Lisa Genova, a neuroscientist by training who originally self-published Still Alice, does a remarkable job of truly getting inside the mind and emotions of an Alzheimer's patient. She includes a lot of real information about the disease and its effects in ways that don't distract from the story, and she effectively captures its disruption and alteration of family, career, and daily life, but the fact that it's all told from Alice's perspective makes it unique and unforgettable. The reactions of Alice's family and colleagues to her condition rang true, but Genova makes the reader grasp Alice's own reactions too. The instances where the author "loops" an episode by repeating its opening paragraphs at the end, and when she frames Alice's behavior with someone else's response to it, do an especially good job of illustrating what's happening and making the reader connect with it.
I had held off on reading Still Alice because I was pretty sure it would be a difficult book for me, emotionally - and it was, but not quite in the way I expected it to be. It got under my skin, and I still think about it nearly a year later. It made me sad, although it didn't make me cry; but more than that, it scared the hell out of me. I was engrossed and moved by Alice's story, and I feel that it gave me a lot of insight into Alzheimer's that I didn't have before - but knowing more has made me more afraid of experiencing this than I was before, too. I'm just a few years younger than Alice, and not much younger than my mom was when she began to slip away - and I DO NOT WANT THIS to happen to me.
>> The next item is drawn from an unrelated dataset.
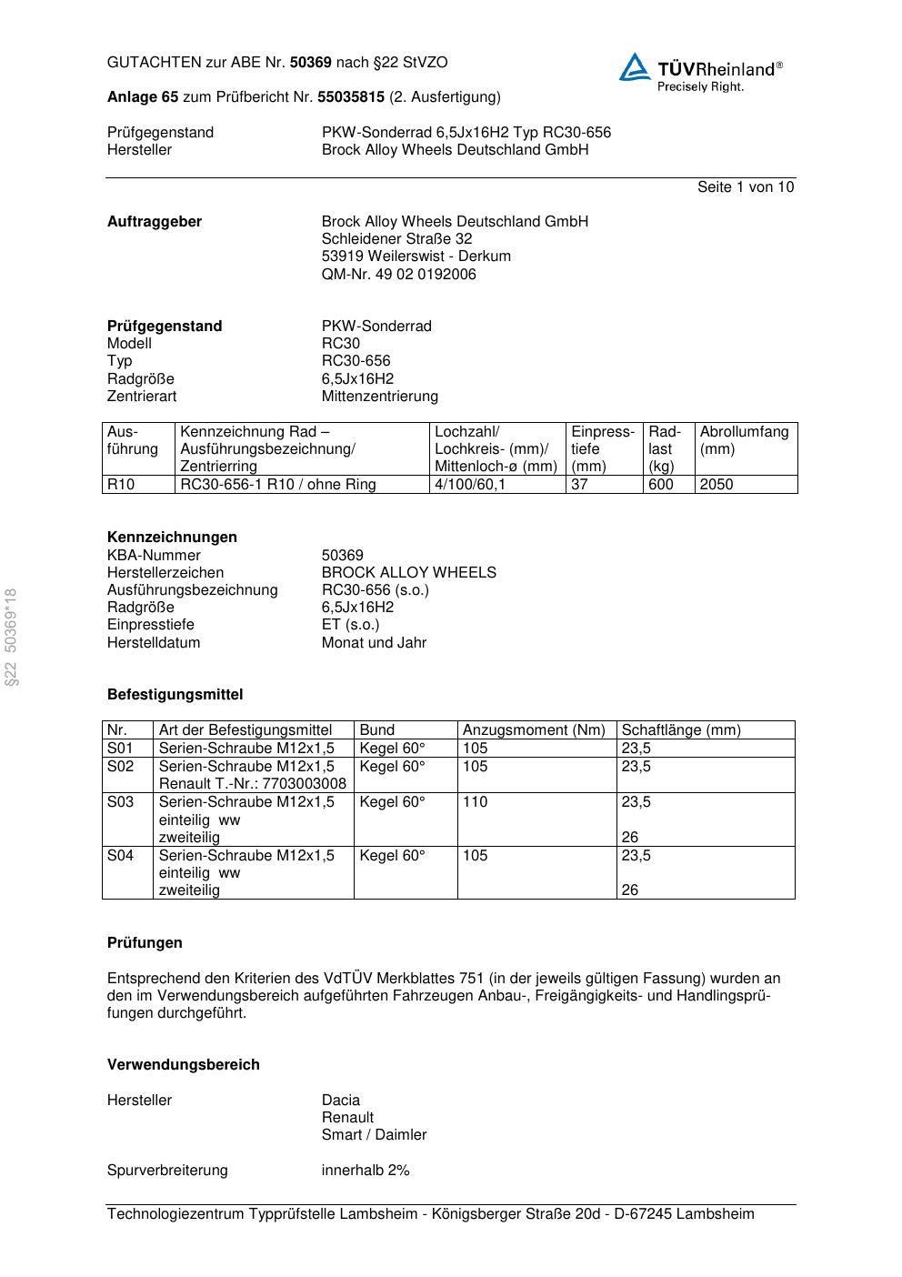 Felgengutachten / abe für Alufelgen Brock RC30-656 (6.5Jx16 ET 0, Mittenloch 0 mm) mit KBA 50369 (Zertifikatsnummer 50369). Hier kostenlos als PDF herunterladen. Der Download-Link ist 24 Stunden gültig und kann bis zu zwei Mal verwendet werden.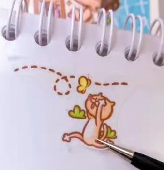 3.将小猫的贴纸放在页面的边缘处。

Alzheimer's became part of my family's life almost twenty years ago. It was never invited - it's an unwelcome visitor that doesn't leave until it gets what it came for. In our case, that was my mother.
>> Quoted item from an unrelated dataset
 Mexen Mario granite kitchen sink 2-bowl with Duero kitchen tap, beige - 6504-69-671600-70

The return of that visitor is one of my greatest fears, and I want to do whatever I can to keep it away.
There's one more thing I do to remember my mom every October. In addition to the reading and the blogging, I will once again be joining my sister, her children, our husbands, and my stepchildren (none of whom ever knew our mother) in the Alzheimer's Memory Walk to raise money for and awareness of this still-incurable, life-altering disease.
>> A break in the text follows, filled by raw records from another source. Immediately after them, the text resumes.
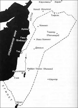 Пределы царства Давида и Соломона (10 в. до н. э.). По библейскому атласу И. АХарони. Издательство «Карта». 1964. Иерусалим.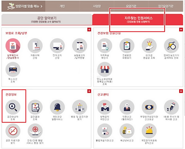 2. 자주찾는 민원서비스 > 건강정보 > 검진대상자 조회 클릭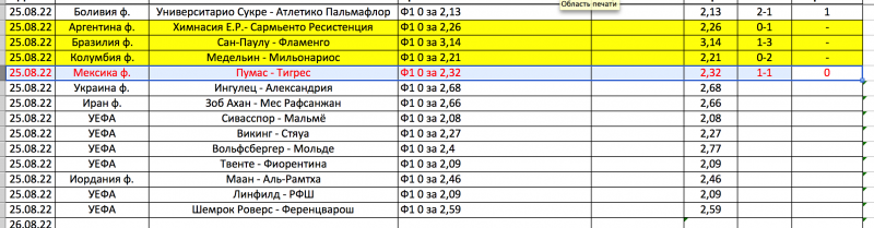 | 25.08.22 | Мексика ф. | Пумас - Тигрес | Ф1 0 за 2,32 | 2,32 | |

I'll be participating in my local Memory Walk on Saturday, October 23 in Thousand Oaks, California. If you're in the area - Ventura County, northern Los Angeles County, southern Central Coast - I hope you'll consider walking with us! If you can't do that, there are other ways to help fight this disease. Funds raised by Memory Walkers are used to support Alzheimer's research and assist Alzheimer's patients and their caregivers. Currently more than 5 million Americans have Alzheimer's, and 78 million baby boomers are at risk – unless we find a way to change the course of this disease.
I remember my mother every day, and I can't forget what took her away from us too soon.